Synonyme d'opportunité et de casse-tête réglementaire, la période pré-électorale représente un temps fort de l'activité des professionnels de la communication politique. Qu'ils soient engagés auprès d'un candidat ou au service d'une administration, les communicants mettent alors en oeuvre des actions souvent inspirées des méthodes du marketing. Et, pour "vendre un candidat", l'innovation n'est pas toujours de mise, comme le prouvent ces quelques perles, entre racolage et bricolage...
Le "maire canon" ce summum de la #compol ... #Lyon #UMP pic.twitter.com/5yVNrtCJkI
— guy birenbaum (@guybirenbaum) 5 Janvier 2014
Mettre du LOL dans la politique, tout un programme. Fort du constat difficilement contestable du fossé qui s'est creusé entre les politiques et leurs administrés, les communicants sont à l’affût. Chaque nouveauté technique, graphique ou langagière est susceptible d'être mobilisée pour combler ce fossé, ou du moins se démarquer dans un secteur concurrentiel, bien que non marchand. En témoigne le compte Tumblr de l'Elysée qui, à défaut d'adopter la fraîcheur de ton de son homologue américain, a été largement commenté par la presse à son lancement.

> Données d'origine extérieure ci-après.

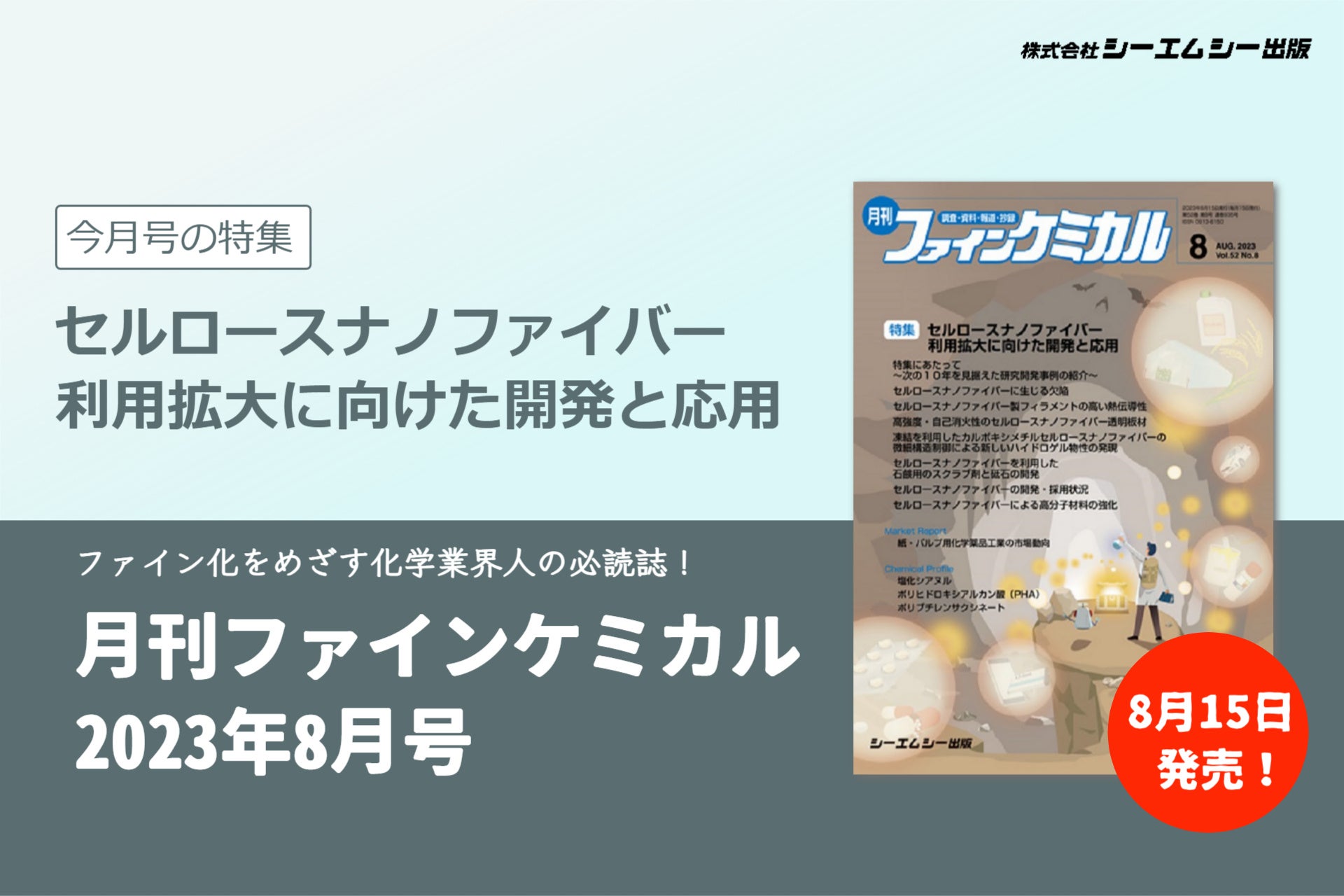 植物由来の次世代材料“セルロースナノファイバー”。利用拡大に向けた最新研究動向を特集した雑誌『月刊ファインケミカル 2023年8月号』が8月15日に発売。

Les élections municipales de 2014 ne font pas exception et de nombreux candidats cherchent à se démarquer par leurs promesses de campagne... et leur univers esthétique. On peut reprocher au web de formater le discours politique, mais il faut reconnaître à ses acteurs une qualité exemplaire : la réactivité. Le Tumblr "MunicipLOL 2014" sélectionne pour nous les visuels les plus croustillants.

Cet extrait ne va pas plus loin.